The film was described by cult filmmaker David DeCoteau as "one of the very few family-oriented B movies to come out of the Philippines"; this was due to star Wayne's insistence that the film be accessible to families.

==Plot==
A man brings a woman named Syrene (Leigh Christian) to an island, and she pays him with some pearls. The inhabitants of the island appear to be inbred, with oversized eyes, and they kill any intruders that they find.

Back on the mainland, the fisherman Manuel the Barracuda (Vic Díaz) pays East Eddie (Sid Haig), who runs the piers, with some pearls. Eddie shows them to Logan (Ashley), a local hustler, and they decide to find the source of the pearls. Logan meets Vic Mathias (Patrick Wayne), who has a boat, and strikes a deal with him to use the boat to look for the pearls.

Dr. Katherine Vernon (Lenore Stevens) overhears this and talks to Logan, who agrees to meet her the next day. At a museum, Dr. Vernon tells Logan that she wants to find the pearls solely for their scientific value.
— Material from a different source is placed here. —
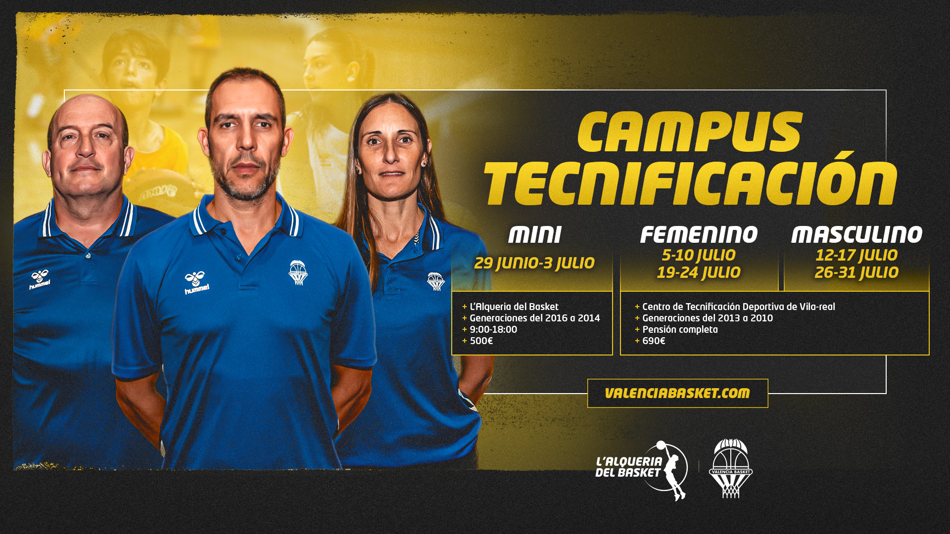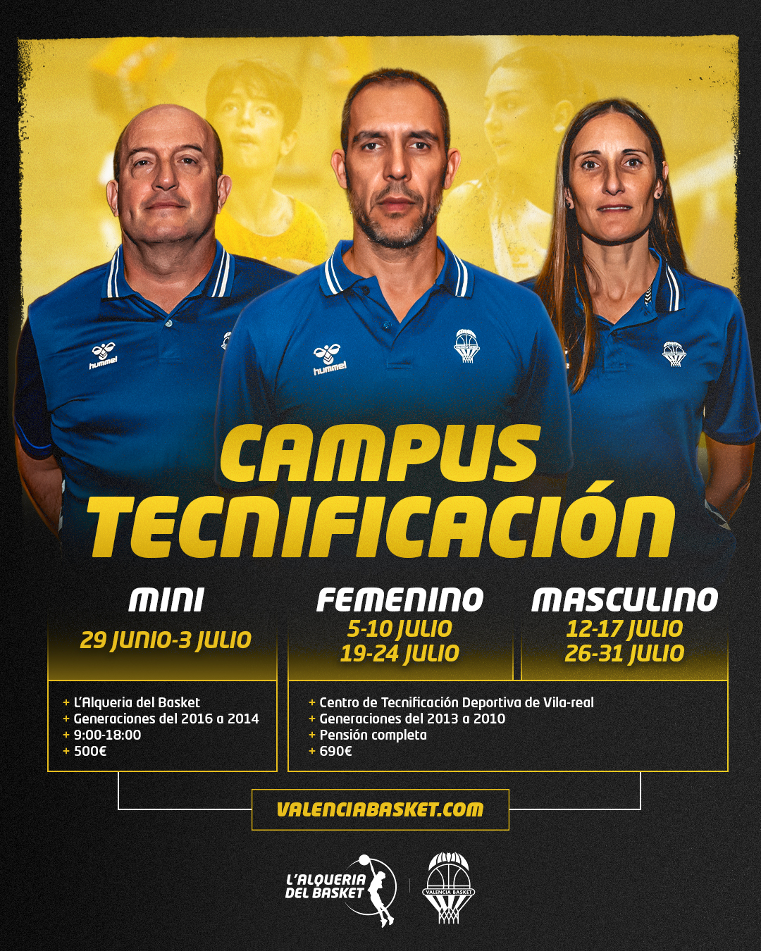 El Campus de Tecnificación Mini (2014-2016) tendrá lugar en L’Alqueria del Basket, mientras que el Femenino y el Masculino (2010-2013) se celebrarán en el Centro deTecnificación de Villarreal.

The party sets off for the island, confronting Manuel the Barracuda and finding the location. The group encounters Syrene and her people, who can live both on land and in the sea, and she agrees to show the party where the pearls are, but Syrene and her father Nereus (George Nader) want to mate Syrene with one of the group; specifically, Vic. She leads them to beds of pearls and the first mate is mysteriously killed. Vic wants to leave, but Logan and Eddie want to make one more dive. Syrene enraptures Vic and they mate.

Nereus decides that the group must die, and Vic, Logan, Eddie and the crew have to fight their way back to their boat. Katherine is jumped by Syrene, but Syrene is killed, thus ending any chance for the race of sea people to continue. They all march into the sea as Logan takes a blanket of pearls from Syrene's funeral bier. Manuel arrives and tries to double-cross the surviving pearl hunters. A fight breaks out and the case of pearls falls overboard, with Logan trying to convince Eddie and Vic that they can find the pearls again.

==Cast==
- Patrick Wayne as Vic Mathias
- John Ashley as Logan
- Leigh Christian as Syrene
- George Nader as Nereus
- Sid Haig as East Eddie
- Lenore Stevens as Dr. Katherine Vernon
- Vic Díaz as Manuel the Barracuda
- Eddie Garcia as The Mate

==Production==
The film was also known as Sea Creatures or Sea People.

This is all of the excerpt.